Un equipo de investigadores ha logrado un avance sorprendente: convertir residuos plásticos en paracetamol utilizando una combinación innovadora de química y biología. El estudio, publicado en Nature Chemistry, demuestra cómo una bacteria común puede transformarse en una pequeña fábrica de medicamentos a partir de basura plástica.
El paracetamol (o acetaminofén) es uno de los analgésicos y antipiréticos más utilizados en el mundo. Tradicionalmente, se fabrica a partir de compuestos derivados del petróleo, pero la necesidad de métodos más sostenibles ha impulsado la búsqueda de alternativas basadas en desechos, como el plástico tereftalato de polietileno (TPE), ampliamente presente en envases y textiles.

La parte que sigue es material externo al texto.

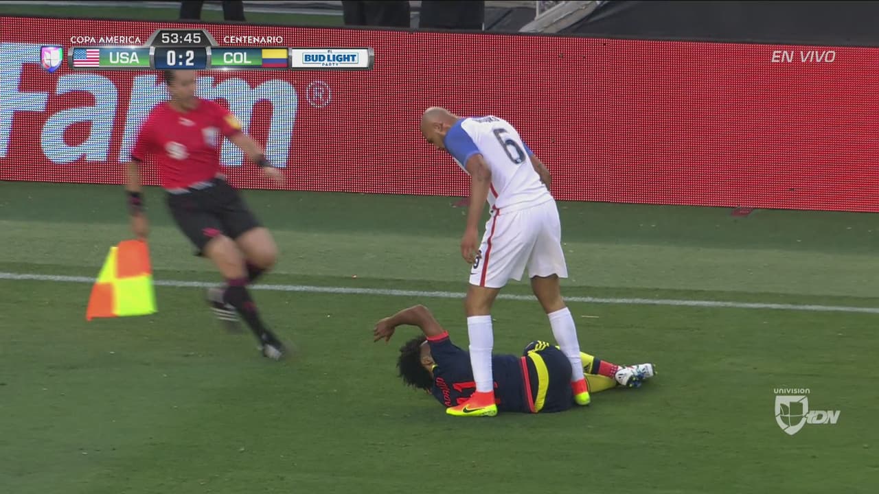 El defensor de Estados Unidos le reclamó al colombiano por exagerar la falta.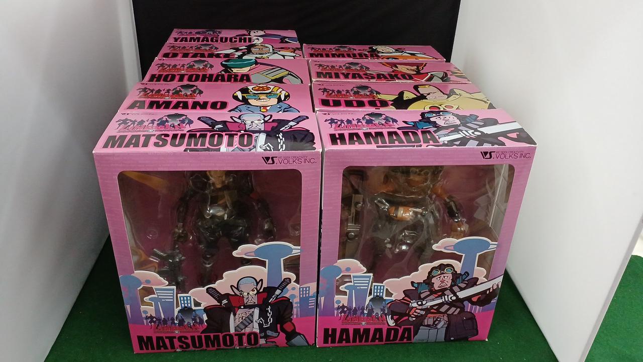 テレビ番組リンカーンの出演者、ダウンタウン浜田と松本、雨上がり決死隊宮迫と蛍原、キャイ~ンの天野とウド、さまぁ~ずの大竹と三村、山口智充の9体のフィギュアとなります |

La clave del avance fue lograr que una reacción química clásica, la reordenación de Lossen, ocurriera dentro de células vivas. Esta reacción, conocida desde hace más de un siglo, requería normalmente condiciones incompatibles con la vida. Sin embargo, el equipo, de la Universidad de Edimburgo, demostró que la reacción podía realizarse en presencia de bacterias vivas, gracias a la acción catalítica de un ion común: el fosfato.

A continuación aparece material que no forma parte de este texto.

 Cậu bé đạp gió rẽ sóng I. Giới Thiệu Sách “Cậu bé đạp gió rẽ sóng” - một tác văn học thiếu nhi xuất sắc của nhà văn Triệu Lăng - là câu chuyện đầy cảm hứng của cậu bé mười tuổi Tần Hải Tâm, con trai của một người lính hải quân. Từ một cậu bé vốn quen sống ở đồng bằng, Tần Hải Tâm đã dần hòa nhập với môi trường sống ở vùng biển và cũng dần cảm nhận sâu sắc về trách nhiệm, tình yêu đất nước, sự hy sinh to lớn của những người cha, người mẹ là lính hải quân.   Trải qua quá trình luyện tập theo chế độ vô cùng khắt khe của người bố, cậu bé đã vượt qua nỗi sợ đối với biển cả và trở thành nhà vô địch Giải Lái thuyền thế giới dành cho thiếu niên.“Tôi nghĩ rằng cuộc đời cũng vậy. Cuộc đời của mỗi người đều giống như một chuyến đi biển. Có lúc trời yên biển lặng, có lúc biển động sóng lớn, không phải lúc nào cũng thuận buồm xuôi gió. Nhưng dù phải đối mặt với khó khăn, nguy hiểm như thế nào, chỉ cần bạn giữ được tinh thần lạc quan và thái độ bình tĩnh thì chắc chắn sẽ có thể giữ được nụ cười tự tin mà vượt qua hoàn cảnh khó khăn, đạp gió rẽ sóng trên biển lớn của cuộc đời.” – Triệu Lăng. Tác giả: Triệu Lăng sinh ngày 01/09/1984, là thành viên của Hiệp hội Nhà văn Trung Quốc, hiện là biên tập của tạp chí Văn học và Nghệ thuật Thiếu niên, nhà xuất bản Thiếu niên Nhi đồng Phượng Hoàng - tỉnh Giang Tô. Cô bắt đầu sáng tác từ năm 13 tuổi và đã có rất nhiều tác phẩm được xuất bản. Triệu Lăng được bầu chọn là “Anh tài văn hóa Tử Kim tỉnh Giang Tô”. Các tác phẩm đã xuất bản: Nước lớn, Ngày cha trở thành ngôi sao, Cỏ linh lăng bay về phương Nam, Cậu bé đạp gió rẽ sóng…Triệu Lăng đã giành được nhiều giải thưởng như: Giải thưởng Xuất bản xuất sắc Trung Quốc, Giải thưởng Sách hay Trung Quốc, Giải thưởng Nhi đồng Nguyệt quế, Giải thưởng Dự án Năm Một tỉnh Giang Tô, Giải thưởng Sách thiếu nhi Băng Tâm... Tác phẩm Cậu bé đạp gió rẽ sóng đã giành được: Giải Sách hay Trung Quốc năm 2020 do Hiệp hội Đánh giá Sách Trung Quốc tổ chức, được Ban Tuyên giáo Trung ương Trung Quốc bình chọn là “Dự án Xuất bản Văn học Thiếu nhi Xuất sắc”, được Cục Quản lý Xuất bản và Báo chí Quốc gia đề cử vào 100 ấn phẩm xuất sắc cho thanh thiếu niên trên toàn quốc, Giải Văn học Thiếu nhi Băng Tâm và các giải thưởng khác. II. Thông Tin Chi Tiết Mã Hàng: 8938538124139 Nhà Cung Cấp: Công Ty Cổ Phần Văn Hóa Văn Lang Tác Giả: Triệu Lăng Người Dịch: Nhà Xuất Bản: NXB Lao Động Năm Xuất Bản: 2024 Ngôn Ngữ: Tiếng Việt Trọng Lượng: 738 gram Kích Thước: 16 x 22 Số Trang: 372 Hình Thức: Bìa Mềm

El proceso comienza con la degradación química del TPE, que lo convierte en una molécula precursora. Esta se introduce en cultivos de la bacteria Escherichia coli, donde ocurre la reordenación de Lossen y se forma un intermedio útil. Luego, los científicos modificaron genéticamente la E. coli, incorporando genes que permiten completar los pasos necesarios para producir paracetamol. El resultado: el 92 % del TPE degradado se transformó en paracetamol.

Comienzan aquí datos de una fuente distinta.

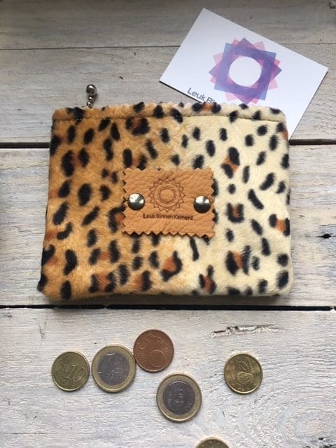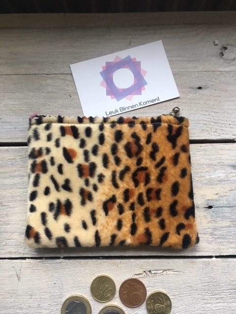Portemonneetje van zachte bontachtige stof in luipaardprint aantal

Este trabajo no solo ofrece una posible vía para revalorizar residuos plásticos, sino que también demuestra el poder de combinar herramientas químicas y biológicas para crear procesos más eficientes. Empresas farmacéuticas como AstraZeneca ya están colaborando para escalar esta tecnología, aunque todavía existen dificultades, como encontrar métodos de degradación del plástico que sean seguros y viables a gran escala.
Según expertos, esta investigación es un ejemplo destacado de cómo la biotecnología moderna puede contribuir a la economía circular, cerrando el ciclo entre desecho y recurso útil. Si bien aún queda camino por recorrer, el potencial de esta línea de trabajo es enorme: convertir contaminantes en medicamentos esenciales.